Lycoris caldwellii - some thoughts and praise

James Waddick
Sun, 02 Sep 2007 09:05:57 PDT
Dear Friends,
	Before the sun heats up the garden, I did my morning patrol 
and was impressed at Lycoris caldwellii. I mentioned this species 
briefly in a recent note to PBS.

	This species is a member of the subgenus Lycoris mostly 
characterizes by the spidery flowers and fall foliage (though not all 
fit this generalization). L. cadwellii is an exception in both ways. 
The flowers are more 'nearly' regular than spidery and foliage 
appears in spring. The karyotype is identical to that of L. 
squamigera (2n = 27) and has been sterile here. Like L. squamigera it 
could be a natural hybrid involving L. sprengeri and L. straminea, 
but this is just guessing.

	The flowers in bud show pink stripes similar to L. incarnata, 
but the buds open a uniform pale yellow tipped with faint pink.

	During my walk I realized it is planted in six parts of the 
garden.

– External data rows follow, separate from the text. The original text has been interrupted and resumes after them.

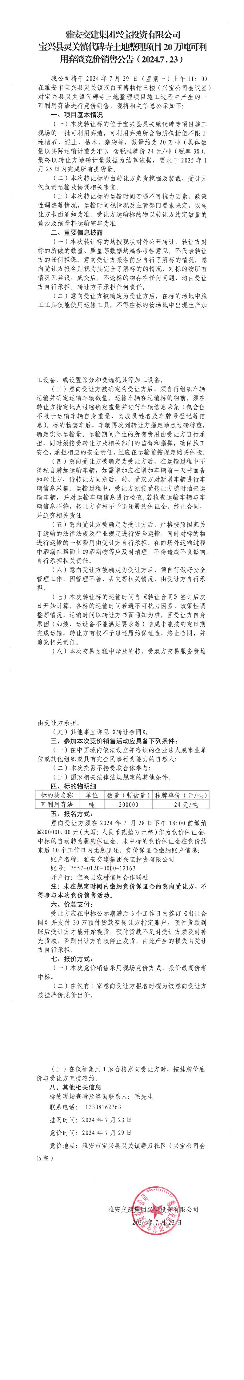 米兰体育-米兰(中国)官网 兴宝投资有限公司灵关镇代碑寺土地整理项目20万吨可利用弃渣竞价销售公告(2024.7.23)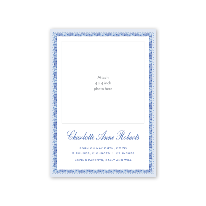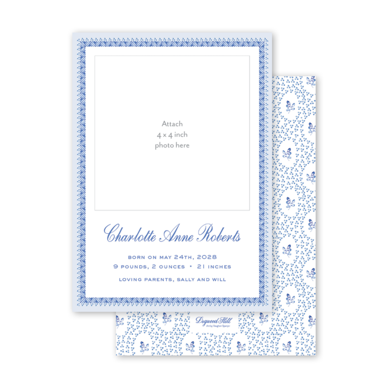 Blue Botanicals Script Photo Mount Birth Announcement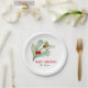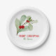 Chapas de papel de Natal simples e verde acrescentam à atmosfera festiva na próxima festa de Natal ou na próxima festa de natal. Folhagem botânica elegante com bagas vermelhas num pano de fundo branco nítido com uma fonte festiva que diz, "Feliz Natal" apela ao anfitrião minimalista que gosta de materiais de festa saborosamente curados. Personalizar com seu nome é fácil de fazer. Se você está hospedando uma festa de férias você pode encontrar mais suprimentos para festas com este tema de design na Coleção de Natal Festiva Watercolor Greenery e Berries na loja de Designs de Colheita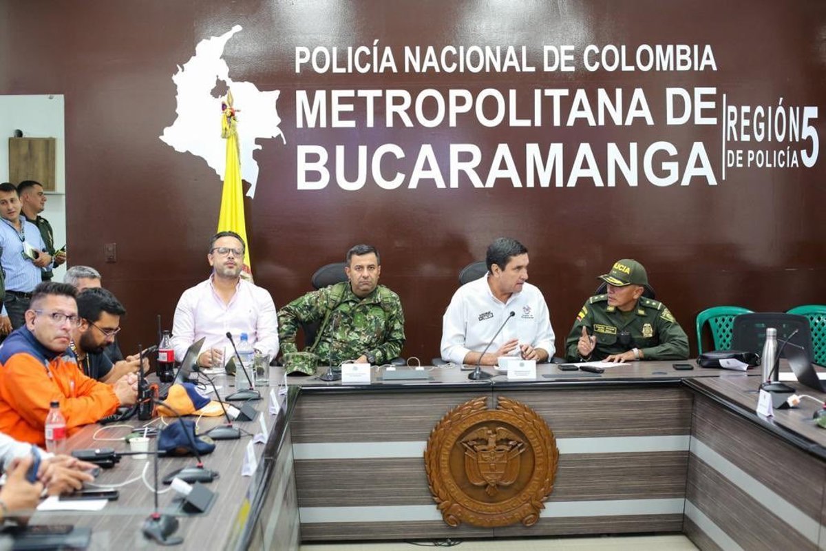 El alcalde de la ciudad colombiana de Bucaramba, Juan Carlos Cárdenas, reunido con la Policía, el Ejército y la Fiscalía - ALCALDÍA DE BUCARAMBA (COLOMBIA)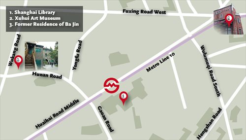 Emerging from exit 3 of the station and walking along Gaoan Road to Hunan Road for about 10 minutes will bring you to the former residence of Ba Jin (113 Wukang Road, 3368-5656) near the junction of Hunan Road and Wukang Road. It opens from 10 am to 4 pm, Tuesday to Sunday and admission is free.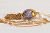 Collana donna in argento 925 placcato oro 18k con perle d'acqua dolce e un pendente in ceramica dipinta a mano oro puro 24k a terzo fuoco, dedicata agli amanti del jeans.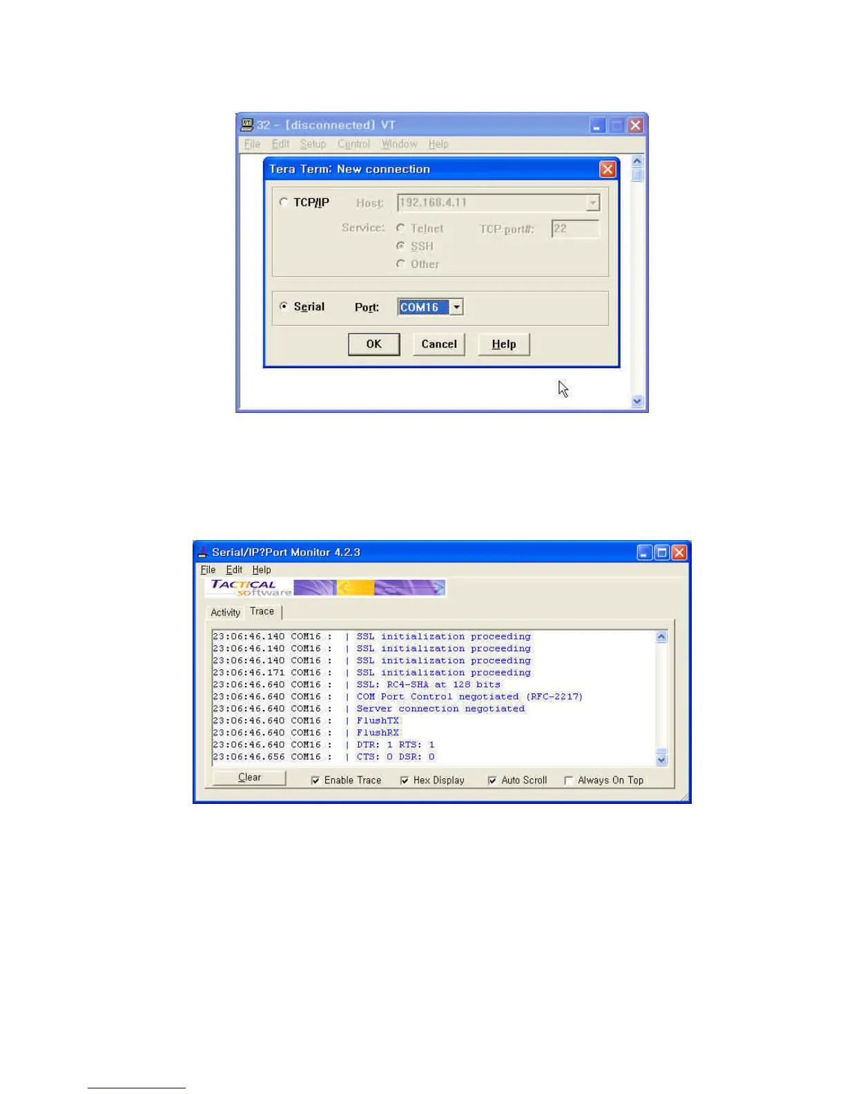 Step 6. User can monitor or trace the connection status using Serial/IP Port Monitor or Trace

The most exposed, driest and largest planting is not blooming 
well. Four short stalks where there should be dozens. Elsewhere the 
stalks are nearly full size and each site has multiple stems nearly 
normal. This is very different from all other Lycoris this season . 
Where they managed to bloom at all, single stems were more common 
than multiple stems and they were distinctly shorter than normal.

	Perhaps L. caldwellii shows some better drought tolerance by 
blooming at nearly normal season, two weeks to 10 days after L. 

	So although the pale flowers are subdued, they still are 
produced in clumps and in the cooler morning air are certainly worth 
the stroll. On all counts it has performed as well as L. squamigera.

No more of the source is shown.